The Panama Canal, where Two Oceans Kiss
These postcards of two oceans kissing were popular at the time of the opening of the Panama Canal, in 1914. The completion of that waterway was a huge achievement, and a costly undertaking in both lives lost and money spent. As an engineering feat, it still rates as one of the wonders of the modern world.
As early as 1534, king Charles V of Spain suggested a canal in Panama across the Central American isthmus. Even with the primitive state of cartography of the day, it wasn’t hard to see how such a canal would facilitate trade and travel by eliminating the lengthy, dangerous shipping route rounding Cape Horn.

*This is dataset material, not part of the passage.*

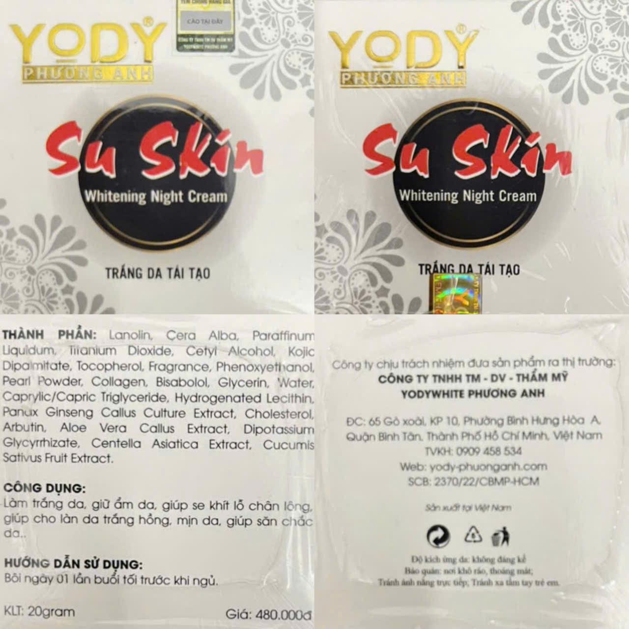 Mỹ phẩm Su Skin Whitening Night Cream do Công ty TNHH TM- DV- Thẩm mỹ Yodywhite Phương Anh chịu trách nhiệm đưa sản phẩm ra thị trường.
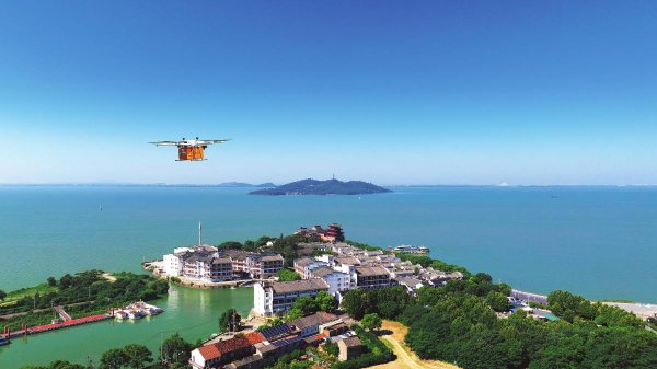 8月19日,在安徽省合肥市巢湖上空,无人机在配送快递包裹(无人机照片)。

One of the last acts of the independent Kingdom of Scotland was the ill-fated Darien Scheme, an attempt at setting up a colony on the isthmus, that would live off the overland trade route between Panama’s Pacific and Atlantic shores. Thousands died and the scheme’s collapse in 1700 is thought to have contributed to the Act of Union (1707), establishing the United Kingdom.
The Panama Railway, opened in 1855, was a more successful reprise of the same idea, and eventually led to the creation of the Panama Canal. The initially French scheme, headed by Ferdinand de Lesseps (of later Suez Canal fame – see also #617) was quite literally plagued by malaria and yellow fever, to such an extent that it was abandoned in 1893, after 13 arduous, lethal years. Some 22.000 workers had died.
The US undertook a second, more successful attempt at canal-digging from 1904 to 1914, completing the canal two years ahead of schedule and at a greatly smaller cost in human lives (‘only’ 5.600 died). The US retained sovereignty and control of the Panama Canal Zone – incidentally, Guantanamo Bay was ‘leased in perpetuity’ from Cuba to protect the trade routes to and from the Canal. By a 1977 treaty with the US, Panama gained control over the Canal Zone on New Year’s Eve, 1999.